What board game to play next?
These seven board games will get your family’s collection started, but as we said, we’re living through a tabletop renaissance. Many great games could have found a home on this list: Azul, Dominion, Carcassonne, Splendor, and Ticket to Ride to name a few. And we could have added even more by considering different skills, such as the jazzy creativity of Dixit or the jolly cooperation of Forbidden Desert, or looking at a wider age range.
But with new games coming out every year, many of them excellently designed, the contemporary board game scene can be as unnerving as it is promising. The paradox of choice tells us too many options can foster anxiety, and the resplendent box art looks nice on a shelf but tells you nothing about the game inside.
To help, here are a couple tips for finding the best board game for your family:
Look to the awards. In the board game world, the Spiel des Jahres holds all the prestige of an Academy Award (sans the needless self-importance). Some of the best board games have claimed the award, among them Kingdomino and Settlers of Catan. Another one to research is the Mensa Select. Presented by Mensa Mind Games, this award goes to games with designs that are both creative and mentally challenging.

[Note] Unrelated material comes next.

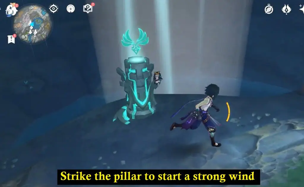 Use the stone to launch into the air and glide to the other side where you can find a green pillar. Strike the pillar to start a strong wind that can blow you up.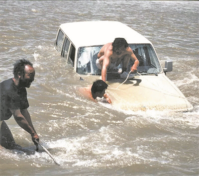1994年,考古队车辆坠河,霍巍(右)和李永宪(中)抢救落水的考古资料。

Try before you buy. With the recent increase in board game sales, community toy, hobby, and comic book stores house more board games than ever before. These stores often feature demonstration events or house store copies you can play. Some library chains have started to diversify their board game collections, too.
Visit BoardGameGeek. BoardGameGeek is an online database and forum. It offers gameplay information, age rankings, and complexity ratings. You can also find reviews written by parents and game enthusiasts. These reviews will often feature in-depth discussions of gameplay and mechanics, which can help you determine if a game is right for your family.
With these tips, you can find the best board game for your family, one that will hopefully become a new classic.